The most studied property of carnosine in skin research is its ability to inhibit protein glycation. Glycation is a non-enzymatic reaction between reducing sugars or carbonyl compounds and amino groups on proteins, leading to the formation of advanced glycation end products (AGEs). AGEs accumulate in the dermal matrix, affecting collagen flexibility, mechanical strength, and the uniformity of the extracellular matrix.

Carnosine acts as a carbonyl scavenger, reacting with α-dicarbonyls such as methylglyoxal. By doing so, it reduces the availability of carbonyl groups that would otherwise modify long-lived dermal proteins. Cell culture work shows that carnosine can slow AGE accumulation, preserve collagen organization, and reduce AGE-mediated crosslinking. Because glycation accelerates with UV exposure and oxidative stress, carnosine’s dual anti-glycation and antioxidant profile is particularly relevant to studies of photoaging.

3. Antioxidant and Metal-Chelation Activity

Carnosine exhibits indirect antioxidant activity through several mechanisms:

quenching singlet oxygen

binding pro-oxidant metal ions

reducing lipid peroxidation products

neutralizing reactive aldehydes generated during oxidative stress

Metal chelation is especially noteworthy. Transition metal ions catalyze Fenton-type reactions that generate damaging hydroxyl radicals. Carnosine binds these ions and reduces their catalytic availability, therefore limiting oxidative chain reactions in proteins and lipids.
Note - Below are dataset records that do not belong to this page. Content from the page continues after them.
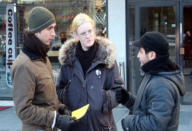 一位带着两个孩子的父亲听完学员讲解后索要中文资料,要寄给他的中国朋友。他得到了一份中文的《九评共产党》,又要了一份瑞典语《九评》留给自己看。后来他又带着孩子回来两次,拍照和询问以后他如何可以联系上退党服务中心,并提供帮助。
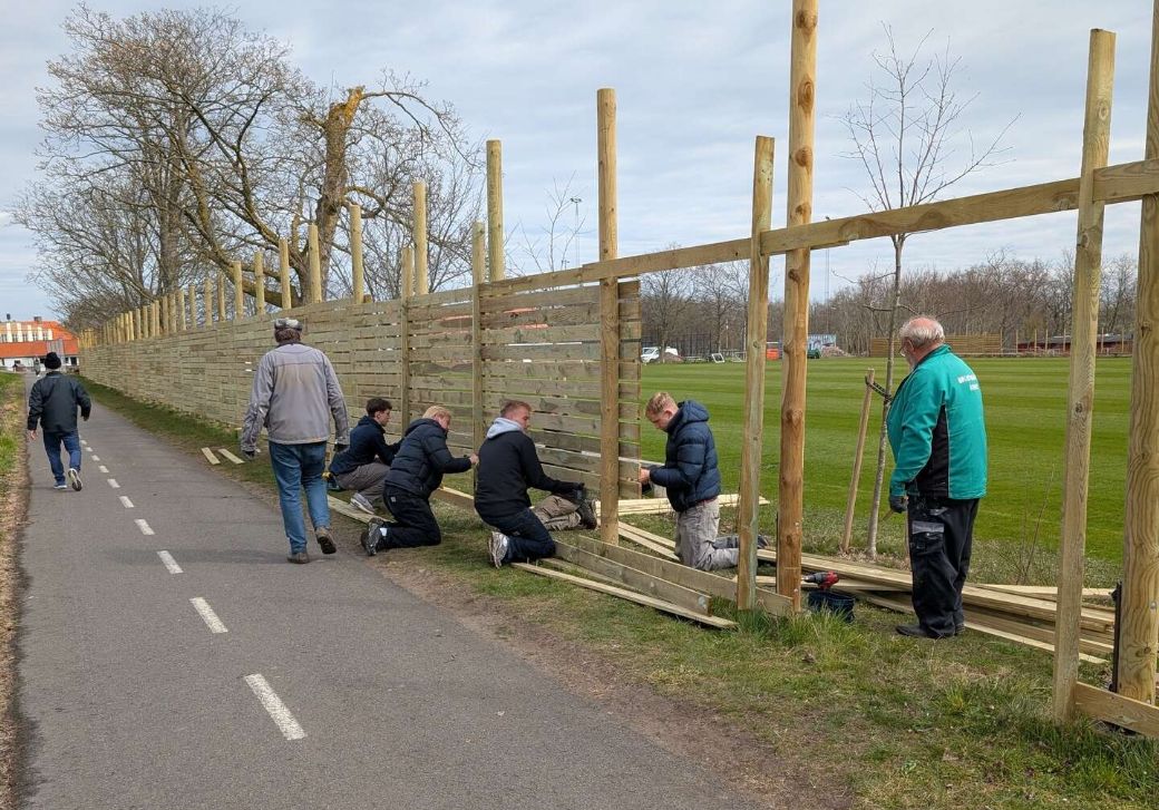 Søndagsfriske frivillige fra Svaneke Idrætsforening brugte søndagen på at sætte et nyt hegn op ved S...
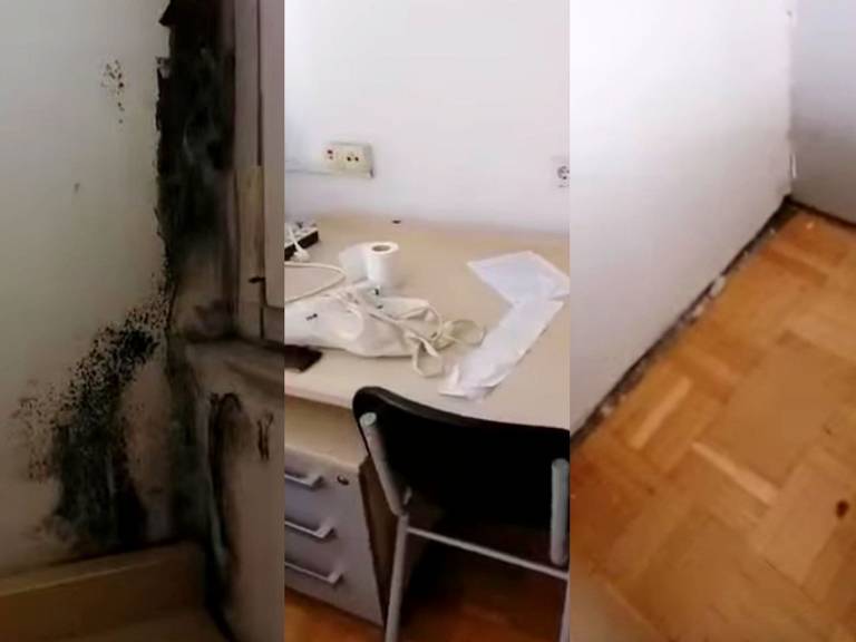 »Sprašujem se, če starši vedo, v kakršnih sobah v študentskih domovih živijo njihovi otroci? To je soba, katero je v petek dobilo moje dete v Študentskem domu Ljubljana v 'devetki'! Toliko plesnobe, da ne moreš verjeti! Zanima me, če bi direktor Zavoda Študentski dom Ljubljana Tomaž Pečnik dal svojemu otroku, da živi v takšni sobi. Sramota! Kako lahko sploh takšno sobo dajo naprej v najem, brez da bi jo najprej pregledali in sanirali?«
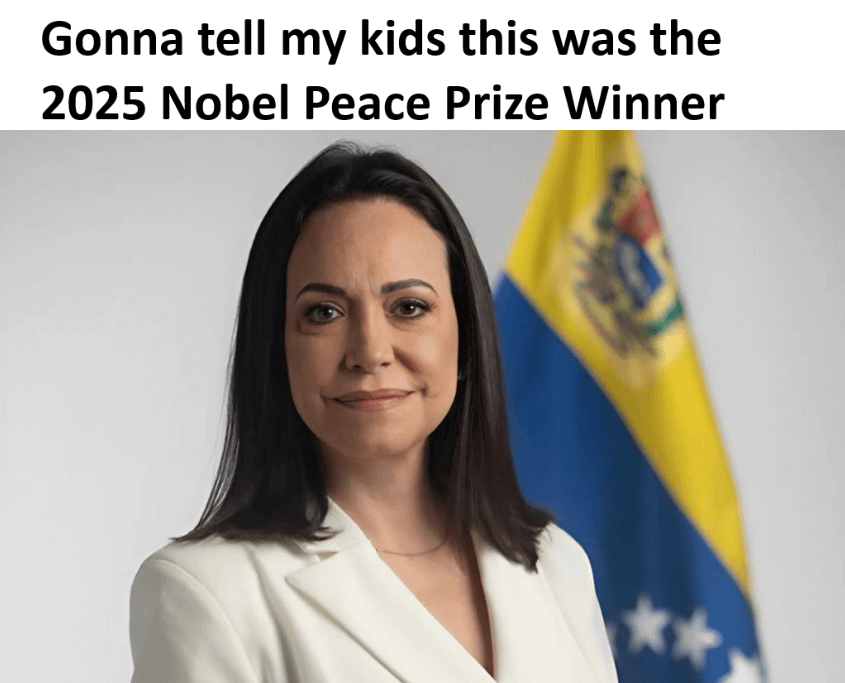The_Dibsomatic on October 10, 2025 6:31 pm Congratulations to them for winning but i have zero idea who that person is or what exactly they have done to earn the Nobel peaceprice.

4. Cellular Protection and Anti-Senescence Effects

Research on keratinocytes and fibroblasts identifies additional protective activities:

modulation of heat-shock protein expression

stabilization of cellular proteins under stress

reduction of carbonyl stress–induced apoptosis

maintenance of mitochondrial membrane potential under oxidative load

These effects link carnosine to anti-senescence pathways, as carbonyl stress and mitochondrial dysfunction are major drivers of cellular aging. Fibroblast studies show that carnosine-treated cells maintain greater metabolic activity and structural protein synthesis under oxidative challenge.

5. Influence on Extracellular Matrix and Collagen Biology

By lowering AGE formation, carnosine indirectly preserves collagen structure and mechanical compliance. AGE accumulation stiffens collagen fibrils, reduces elastic recoil, and alters matrix hydration. In vitro work demonstrates that carnosine exposure leads to:

improved collagen fibril organization

reduced matrix stiffening

higher levels of soluble, functional collagen

better resistance to crosslink-induced deformation

These findings relate to improved biomechanical properties at the dermal level in skin-model systems.

6. Effects on Barrier Function and Inflammation

Carnosine has been studied for effects on barrier cohesion and inflammatory signaling. Observed findings include:

improved recovery after barrier disruption due to reduced oxidative and glycation stress

lowered expression of pro-inflammatory cytokines in stress-exposed keratinocytes

stabilization of membrane lipids against peroxidation

These observations align with the broader theme of carnosine as a cytoprotective dipeptide that maintains homeostatic conditions in the epidermal environment.

7. Physicochemical and Formulation Aspects

Carnosine is hydrophilic and water-soluble. However, its topical diffusion may be limited due to rapid enzymatic degradation by carnosinase in human tissues. Research formulations often explore strategies to:

inhibit carnosinase activity

increase peptide stability

incorporate carnosine into liposomal or encapsulated forms

These approaches aim to preserve bioactive concentration in the viable epidermis or superficial dermis.